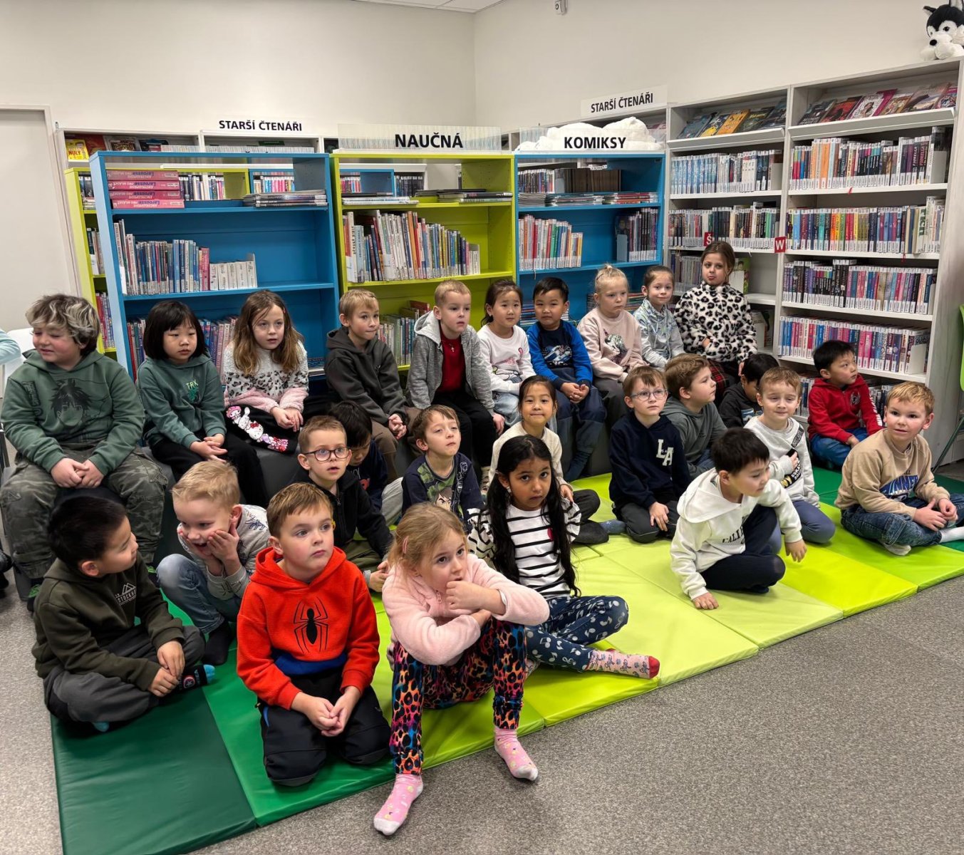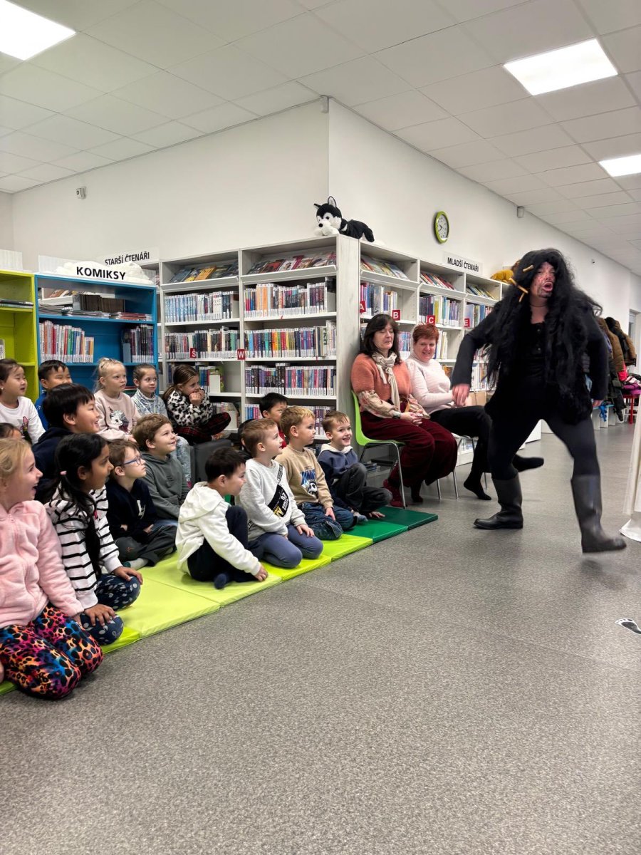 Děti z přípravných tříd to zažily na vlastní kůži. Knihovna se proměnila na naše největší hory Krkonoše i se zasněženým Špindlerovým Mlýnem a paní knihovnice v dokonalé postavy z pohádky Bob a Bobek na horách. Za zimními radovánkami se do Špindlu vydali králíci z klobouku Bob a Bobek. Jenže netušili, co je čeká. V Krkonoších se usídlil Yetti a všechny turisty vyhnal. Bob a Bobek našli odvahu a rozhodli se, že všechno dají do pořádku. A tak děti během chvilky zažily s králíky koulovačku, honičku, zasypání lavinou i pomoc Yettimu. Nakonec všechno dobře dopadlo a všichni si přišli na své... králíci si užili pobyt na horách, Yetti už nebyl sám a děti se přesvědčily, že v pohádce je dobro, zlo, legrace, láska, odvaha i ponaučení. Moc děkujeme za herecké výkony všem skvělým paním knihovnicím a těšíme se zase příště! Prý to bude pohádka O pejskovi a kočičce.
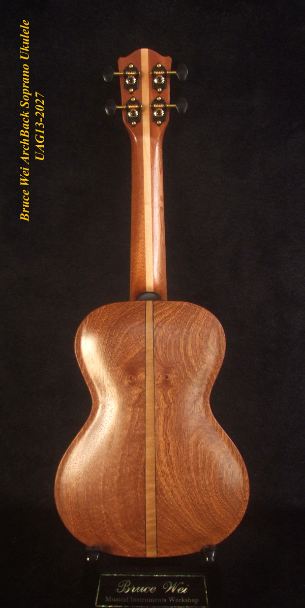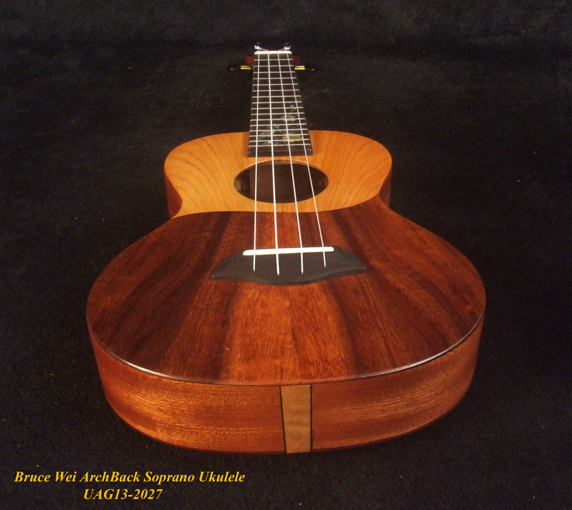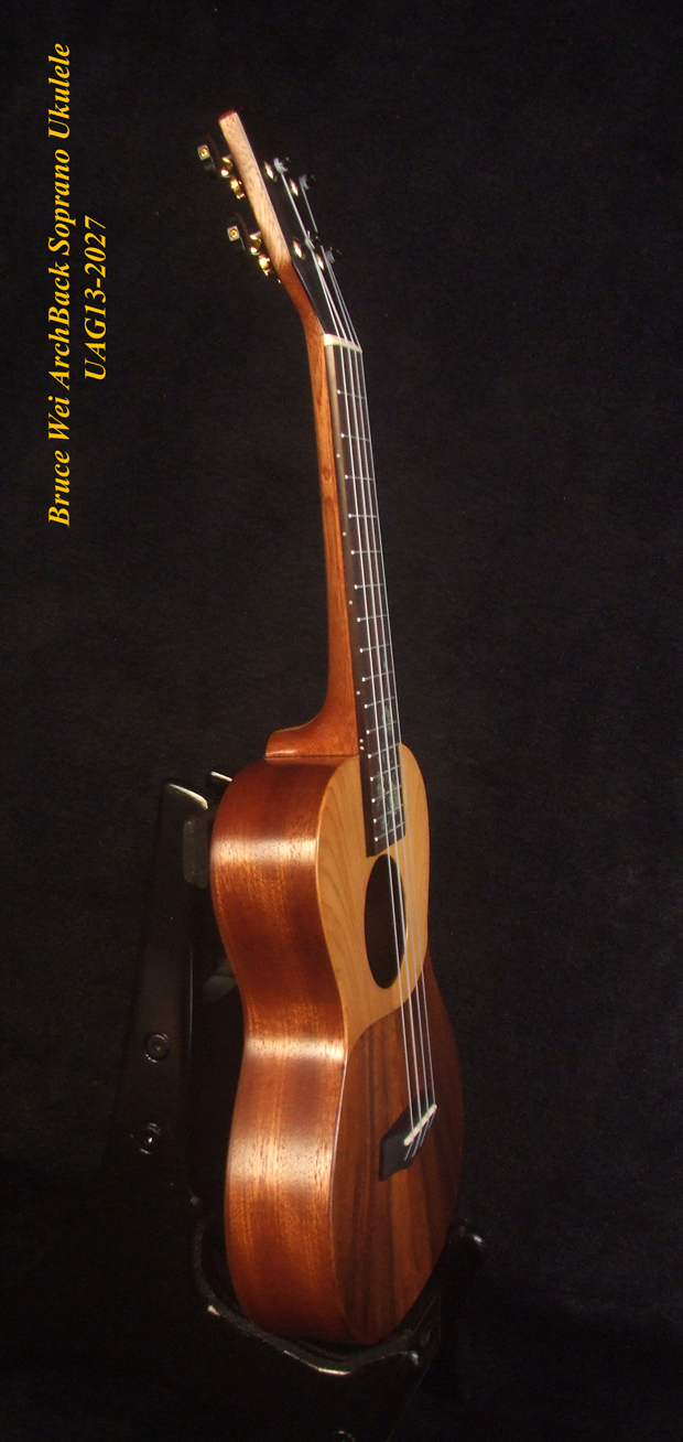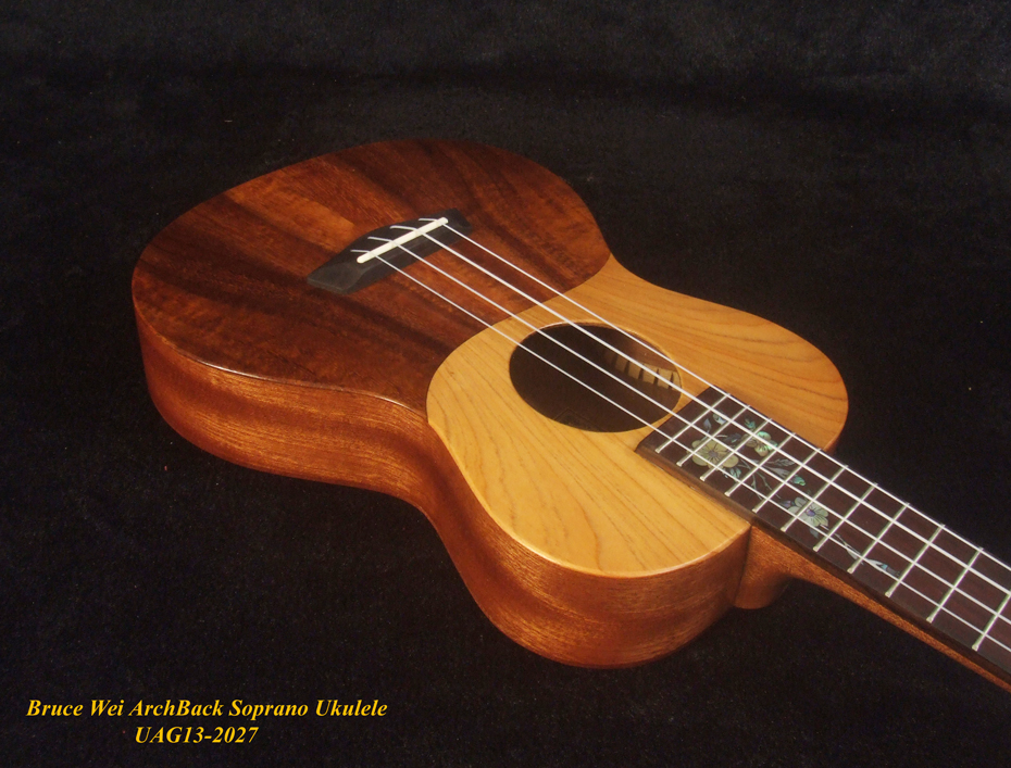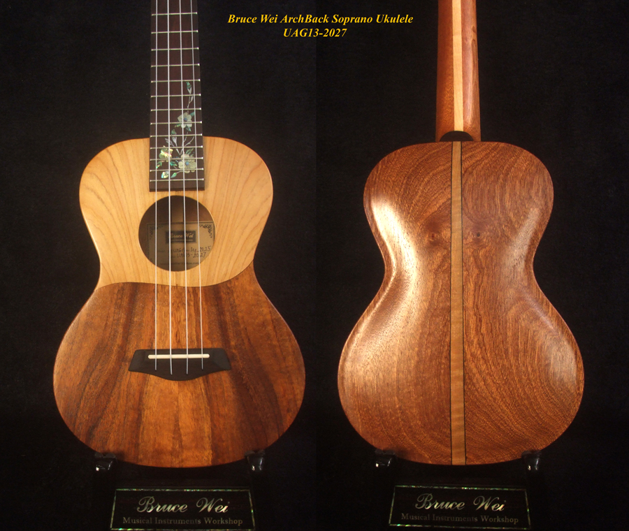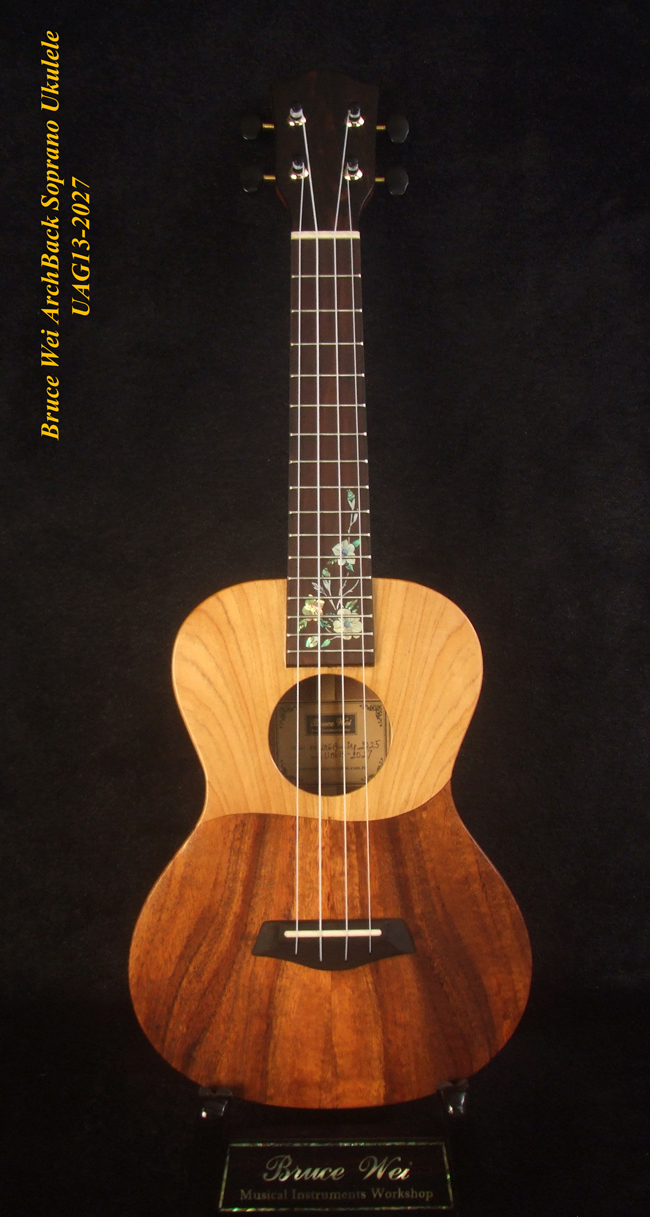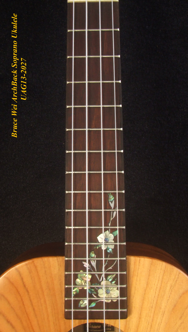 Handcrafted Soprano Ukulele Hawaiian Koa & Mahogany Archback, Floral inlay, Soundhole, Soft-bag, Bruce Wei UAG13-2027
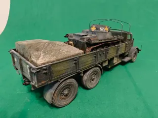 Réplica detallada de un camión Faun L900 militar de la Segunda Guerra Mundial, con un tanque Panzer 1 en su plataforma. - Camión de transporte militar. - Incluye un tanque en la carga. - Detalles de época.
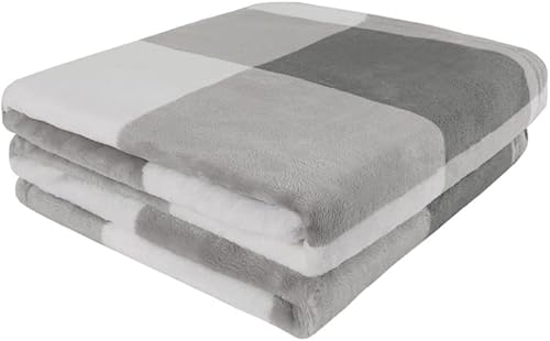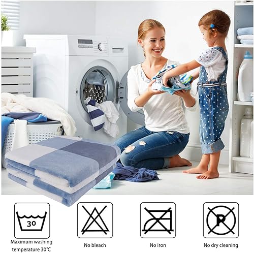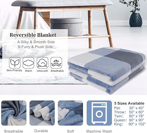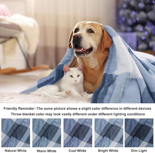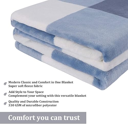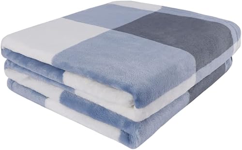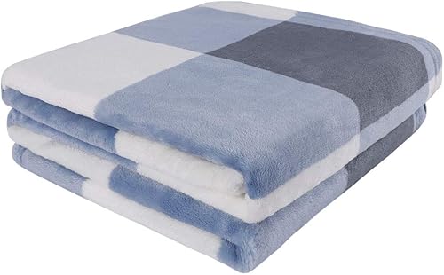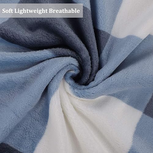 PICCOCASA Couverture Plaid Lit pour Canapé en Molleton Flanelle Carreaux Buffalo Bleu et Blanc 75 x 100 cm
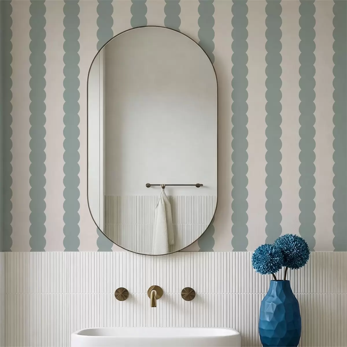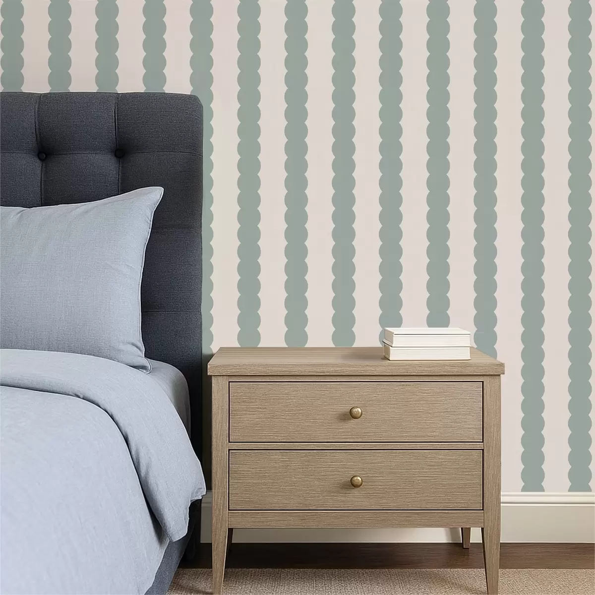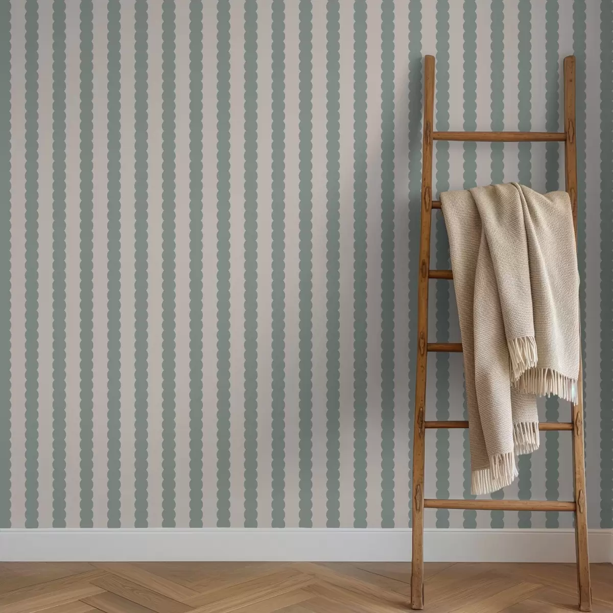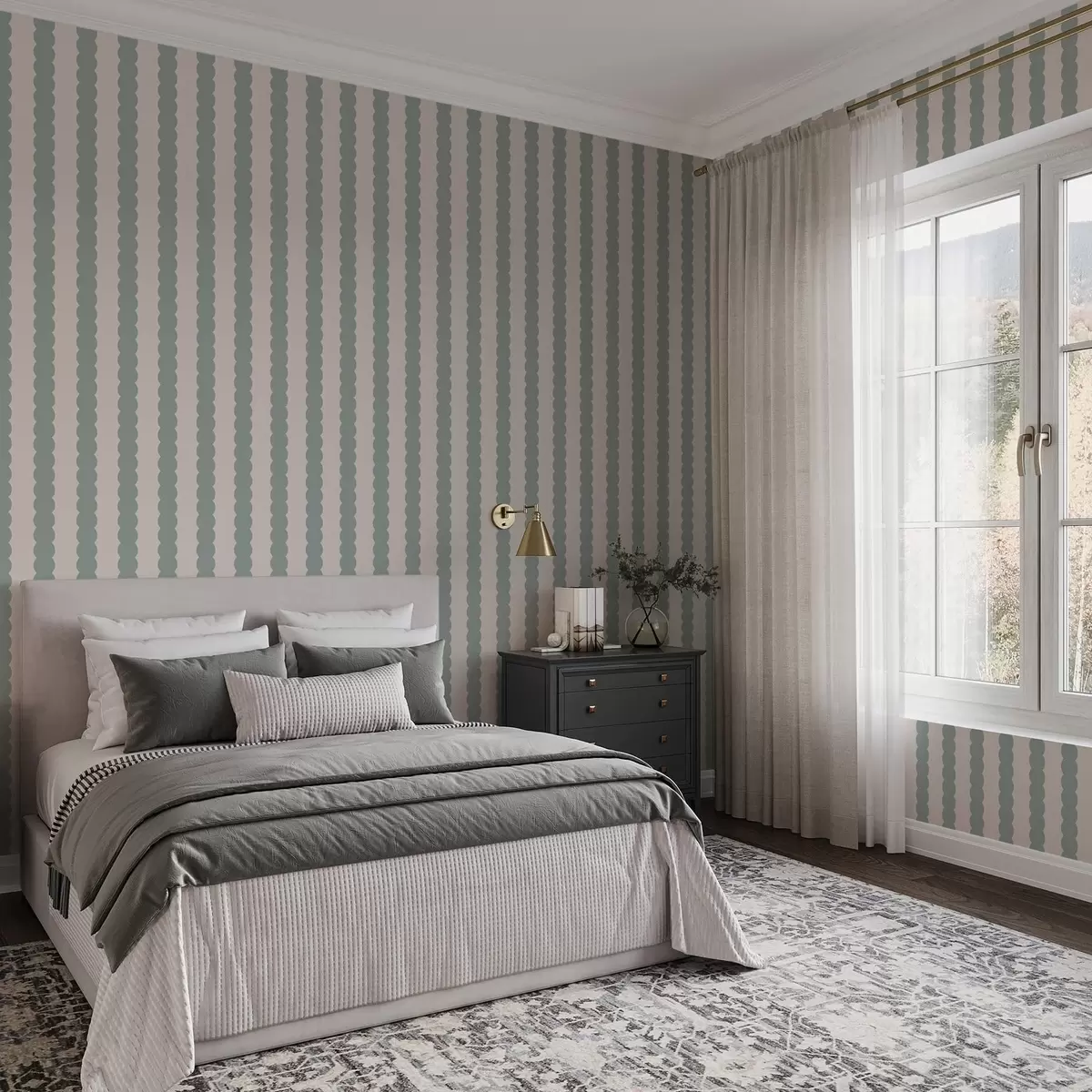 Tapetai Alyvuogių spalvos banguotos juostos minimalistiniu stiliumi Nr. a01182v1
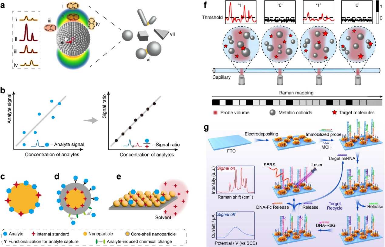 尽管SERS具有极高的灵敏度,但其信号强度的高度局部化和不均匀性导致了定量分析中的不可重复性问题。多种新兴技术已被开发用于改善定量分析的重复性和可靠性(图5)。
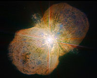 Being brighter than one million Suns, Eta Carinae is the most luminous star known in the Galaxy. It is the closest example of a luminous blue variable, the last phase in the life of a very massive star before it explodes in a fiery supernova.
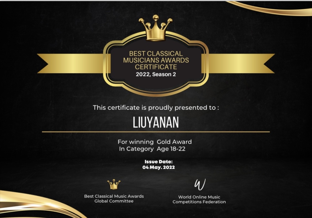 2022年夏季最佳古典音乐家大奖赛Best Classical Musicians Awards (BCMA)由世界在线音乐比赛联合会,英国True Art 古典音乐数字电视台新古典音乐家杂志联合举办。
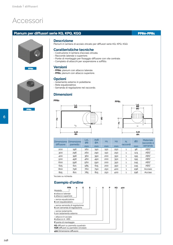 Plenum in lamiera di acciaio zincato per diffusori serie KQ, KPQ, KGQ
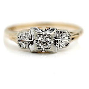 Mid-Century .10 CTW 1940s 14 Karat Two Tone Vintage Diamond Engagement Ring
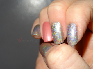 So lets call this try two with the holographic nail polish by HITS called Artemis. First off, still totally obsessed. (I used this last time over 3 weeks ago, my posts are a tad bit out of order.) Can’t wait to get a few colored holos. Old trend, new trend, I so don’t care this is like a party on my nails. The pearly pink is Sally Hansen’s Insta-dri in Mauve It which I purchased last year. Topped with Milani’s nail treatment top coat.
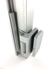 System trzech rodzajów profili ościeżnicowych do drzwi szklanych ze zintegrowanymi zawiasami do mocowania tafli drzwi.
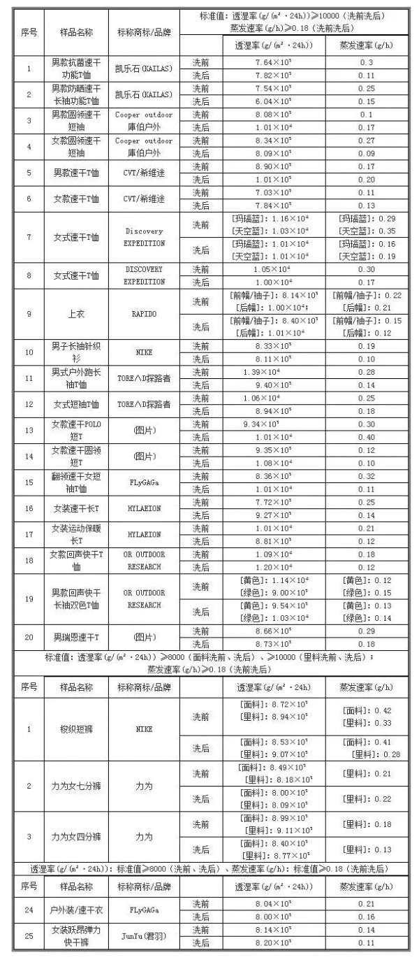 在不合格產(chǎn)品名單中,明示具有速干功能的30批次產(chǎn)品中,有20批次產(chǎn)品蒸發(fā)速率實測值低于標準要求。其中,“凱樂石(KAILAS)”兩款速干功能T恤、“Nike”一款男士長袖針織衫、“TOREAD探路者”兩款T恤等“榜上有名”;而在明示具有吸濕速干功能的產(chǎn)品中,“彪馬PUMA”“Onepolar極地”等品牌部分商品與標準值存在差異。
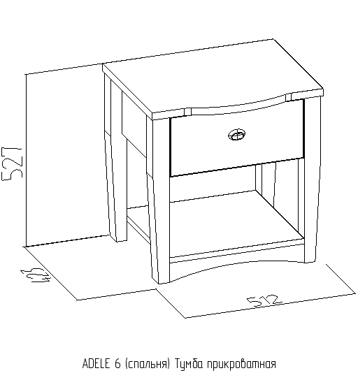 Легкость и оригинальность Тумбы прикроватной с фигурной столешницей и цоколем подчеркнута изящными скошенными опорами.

----------------------------------------

*WHAT IS BEING ASKED:* Would you return the records exactly, keeping out every picture?

*REPLY:*
 Děti z přípravných tříd to zažily na vlastní kůži. Knihovna se proměnila na naše největší hory Krkonoše i se zasněženým Špindlerovým Mlýnem a paní knihovnice v dokonalé postavy z pohádky Bob a Bobek na horách. Za zimními radovánkami se do Špindlu vydali králíci z klobouku Bob a Bobek. Jenže netušili, co je čeká. V Krkonoších se usídlil Yetti a všechny turisty vyhnal. Bob a Bobek našli odvahu a rozhodli se, že všechno dají do pořádku. A tak děti během chvilky zažily s králíky koulovačku, honičku, zasypání lavinou i pomoc Yettimu. Nakonec všechno dobře dopadlo a všichni si přišli na své... králíci si užili pobyt na horách, Yetti už nebyl sám a děti se přesvědčily, že v pohádce je dobro, zlo, legrace, láska, odvaha i ponaučení. Moc děkujeme za herecké výkony všem skvělým paním knihovnicím a těšíme se zase příště! Prý to bude pohádka O pejskovi a kočičce.
 Handcrafted Soprano Ukulele Hawaiian Koa & Mahogany Archback, Floral inlay, Soundhole, Soft-bag, Bruce Wei UAG13-2027
 Réplica detallada de un camión Faun L900 militar de la Segunda Guerra Mundial, con un tanque Panzer 1 en su plataforma. - Camión de transporte militar. - Incluye un tanque en la carga. - Detalles de época.
 PICCOCASA Couverture Plaid Lit pour Canapé en Molleton Flanelle Carreaux Buffalo Bleu et Blanc 75 x 100 cm
 Tapetai Alyvuogių spalvos banguotos juostos minimalistiniu stiliumi Nr. a01182v1
 尽管SERS具有极高的灵敏度,但其信号强度的高度局部化和不均匀性导致了定量分析中的不可重复性问题。多种新兴技术已被开发用于改善定量分析的重复性和可靠性(图5)。
 Being brighter than one million Suns, Eta Carinae is the most luminous star known in the Galaxy. It is the closest example of a luminous blue variable, the last phase in the life of a very massive star before it explodes in a fiery supernova.
 2022年夏季最佳古典音乐家大奖赛Best Classical Musicians Awards (BCMA)由世界在线音乐比赛联合会,英国True Art 古典音乐数字电视台新古典音乐家杂志联合举办。
 Plenum in lamiera di acciaio zincato per diffusori serie KQ, KPQ, KGQ
 Mid-Century .10 CTW 1940s 14 Karat Two Tone Vintage Diamond Engagement Ring
 So lets call this try two with the holographic nail polish by HITS called Artemis. First off, still totally obsessed. (I used this last time over 3 weeks ago, my posts are a tad bit out of order.) Can’t wait to get a few colored holos. Old trend, new trend, I so don’t care this is like a party on my nails. The pearly pink is Sally Hansen’s Insta-dri in Mauve It which I purchased last year. Topped with Milani’s nail treatment top coat.
 System trzech rodzajów profili ościeżnicowych do drzwi szklanych ze zintegrowanymi zawiasami do mocowania tafli drzwi.
 在不合格產(chǎn)品名單中,明示具有速干功能的30批次產(chǎn)品中,有20批次產(chǎn)品蒸發(fā)速率實測值低于標準要求。其中,“凱樂石(KAILAS)”兩款速干功能T恤、“Nike”一款男士長袖針織衫、“TOREAD探路者”兩款T恤等“榜上有名”;而在明示具有吸濕速干功能的產(chǎn)品中,“彪馬PUMA”“Onepolar極地”等品牌部分商品與標準值存在差異。
 Легкость и оригинальность Тумбы прикроватной с фигурной столешницей и цоколем подчеркнута изящными скошенными опорами.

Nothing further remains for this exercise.